Two propositions, then, may, in respect of inferability, consistency, or inconsistency, be formally (1) equivalent, (2) and (3) subaltern, (4) independent, (5) subcontrary, (6) contrary, (7) contradictory, the terms subaltern, &c., being used in the most extended sense. What pairs of categorical propositions (into which only the same terms or their contradictories enter) actually fall into these categories respectively will be shewn in sections [106] and [107].

These seven possible relations between propositions (taken in pairs) will be found to be precisely analogous to the seven possible relations between classes (taken in pairs) as brought out in a subsequent chapter (section [130]).

85. The Nature of Significant Denial.—It is desirable that, before concluding this chapter, we should briefly discuss a more fundamental question than any that has yet been raised, namely, the meaning and nature of negation and denial.

We observe, in the first place, that negation always finds expression in a judgment, and that it always involves the denial of some other judgment. The question therefore arises whether negation always presupposes an antecedent affirmation. This question must be answered in the negative if it is understood to mean that in order to be able to deny a proposition we must begin by regarding it as true. The proposition which we deny may be asserted or suggested by someone else; or it may occur to us as one of several possible alternatives; or it may be put in the form of a question.

It is, however, to be added that if a denial is to have any value as a statement of matter of fact, the corresponding 120 affirmation must be consistent with the meaning of the terms employed. Thus if A connotes m, n, p, and B connotes not-p, q, r, then the denial that A is B gives no real information respecting A. For the affirmation that A is B cannot be made by anyone who knows what is meant by A and B respectively. The same point may be otherwise expressed by saying that just as the affirmation of a verbal proposition is insignificant regarded as a real affirmation concerning the subject (and not merely as an affirmation concerning the meaning to be attached to the subject-term), so the denial of a contradiction in terms is insignificant from the same point of view. Such a denial yields merely what is tautologous and practically useless.

For example, the denial that the soul is a ship in full sail is insignificant regarded as a statement of matter of fact; for such denial gives no information to anyone who is already acquainted with the meaning of the terms involved.

The nature of logical negation is of so fundamental and ultimate a character that any attempt to explain it is apt to obscure rather than to illumine. It cannot be expressed more simply and clearly than by the laws of contradiction and excluded middle: a judgment and its contradictory cannot both be true; nor can they both be false.

Because every negative judgment involves the denial of some other judgment, it has been argued that a negative judgment such as S is not P is primarily a judgment concerning the positive judgment S is P, not concerning the subject S ; and hence that a negative judgment is not co-ordinate with a positive judgment, but dependent upon it.[117]

[117] Compare Sigwart, Logic, i. pp. 121, 2.

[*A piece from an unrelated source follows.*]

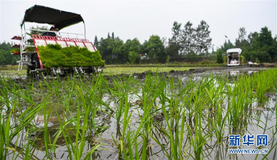 5月26日,都江堰市聚源鎮(zhèn)笆橋社區(qū)的農(nóng)技人員駕駛插秧機(jī)插秧。初夏時(shí)節(jié),四川省都江堰市聚源鎮(zhèn)笆橋社區(qū)農(nóng)民搶抓農(nóng)時(shí)插秧,田間地頭一派繁忙的景象。新華社記者王曦?cái)z
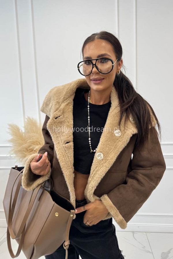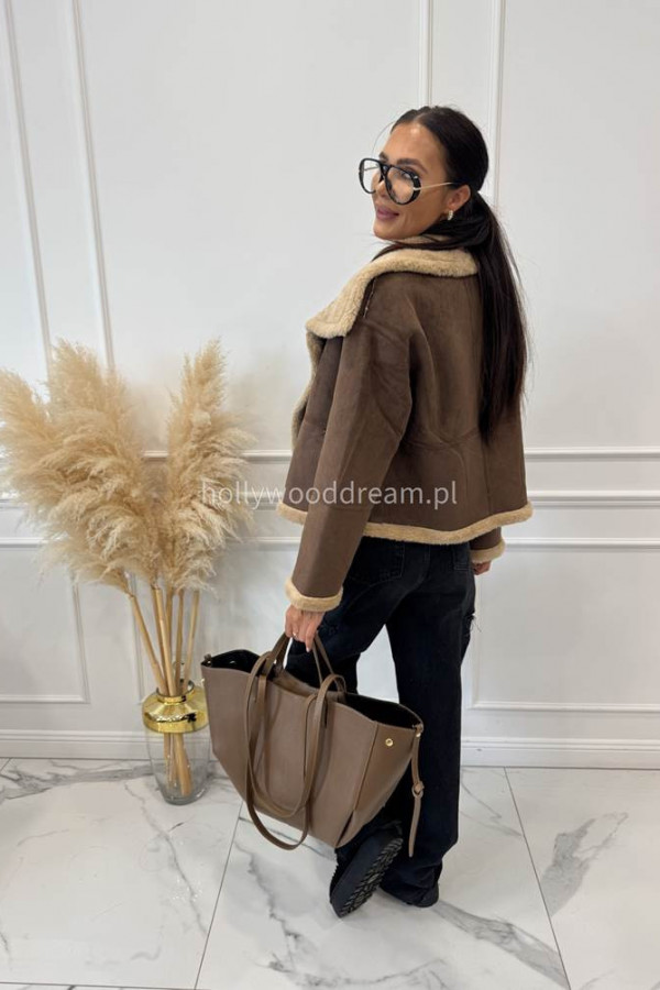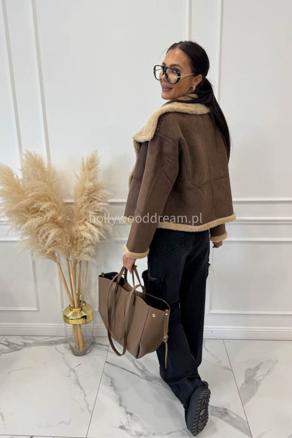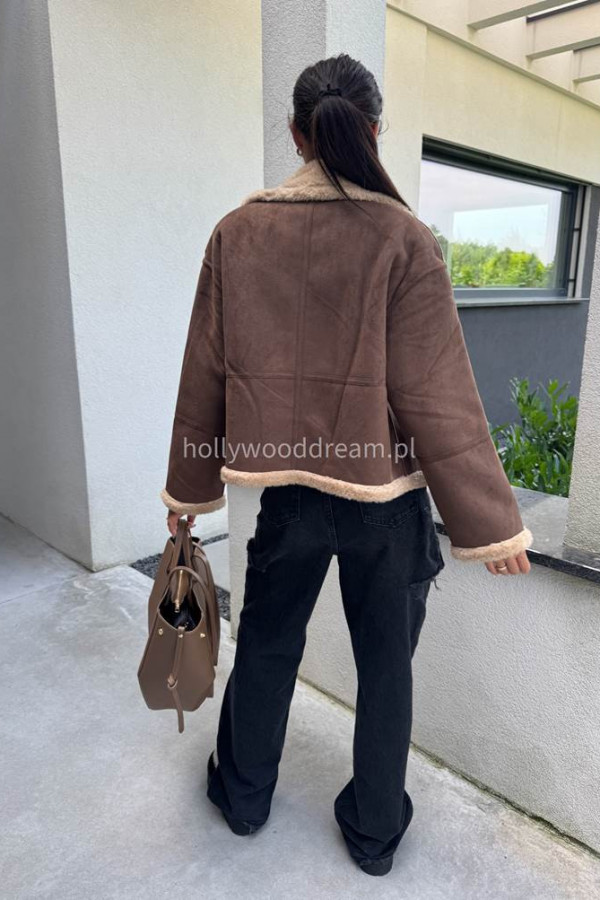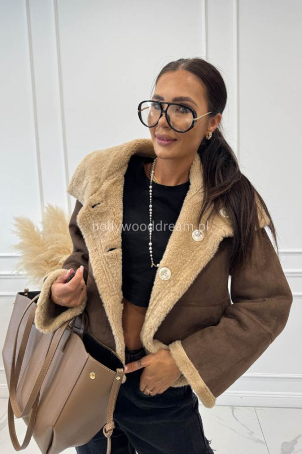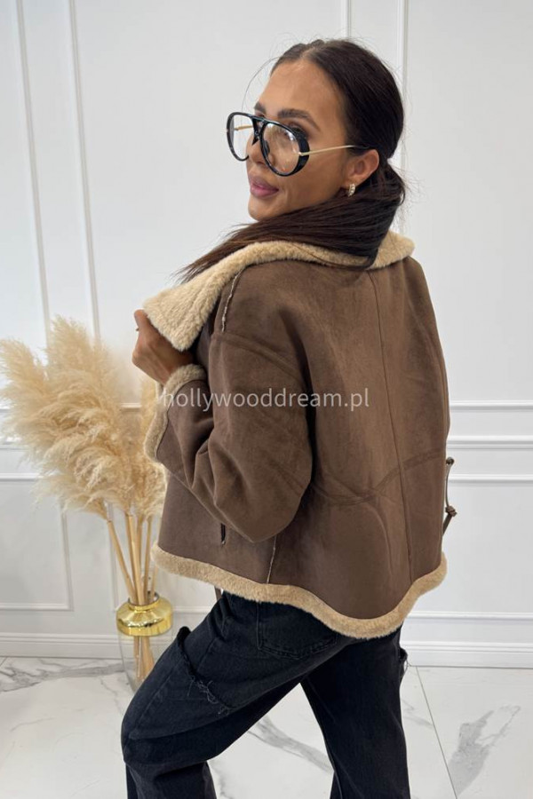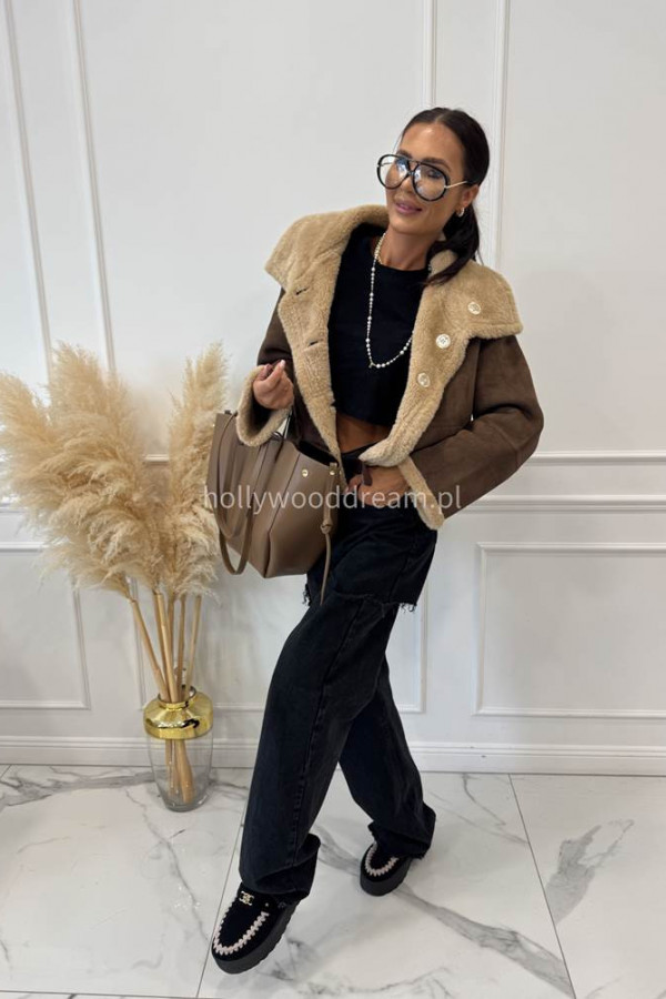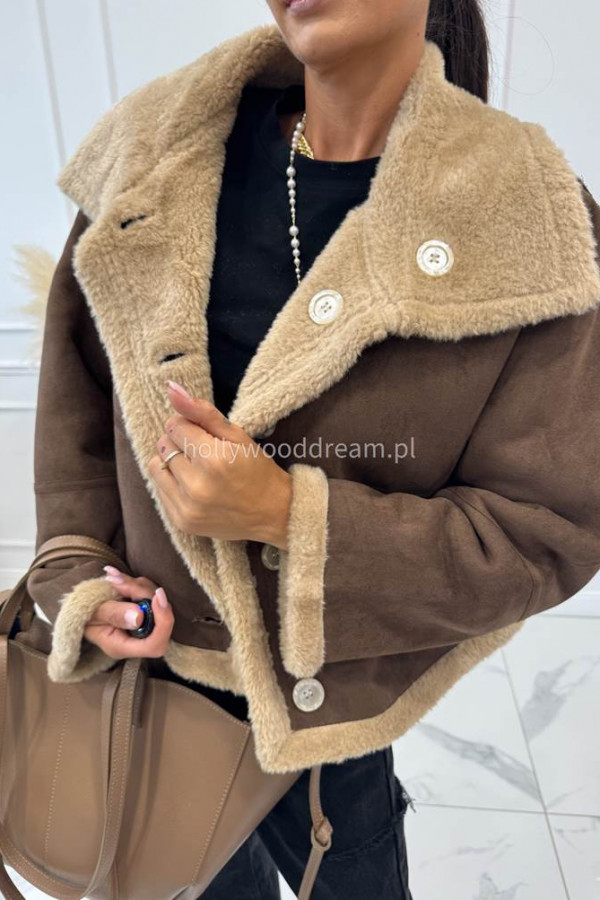 Kurtka zamszowa dwustronna z kożuszkiem czekoladowo-beżowa WENDY

Passing by the point that a positive judgment also involves the denial of some other judgment, we may observe that a distinction must be drawn between “S is Pis not true (which is a judgment about S is P), and S is not P (which is a judgment about S). Denial no doubt presents itself to the mind most simply in the first of these two forms. But in contradicting a given judgment our method usually is to establish another judgment involving the same terms which stands to the given judgment in the relation expressed by the laws of contradiction 121 and excluded middle; and when we oppose the judgment S is not P to the judgment S is P we have reached the less direct mode of denial in which we have again a judgment concerning our original subject.

The example here taken tends perhaps to obscure the point at issue because the distinction between “S is Pis not true and S is not P may appear to be so slight as to be immaterial. That there is a real distinction will, however, appear clear if we take such pairs of propositions as “All S is Pis not true, Some S is not P ; “All S is all Pis not true, Either some S is not P or some P is not S ; “If any P is Q it is Ris not true, P might be Q without being R.

It will be convenient if in general we understand by the contradictory of a proposition P not its simple denial “P is not true,” but the proposition Q involving the same terms, which is formally so related to P, that P and Q cannot both be true or both false.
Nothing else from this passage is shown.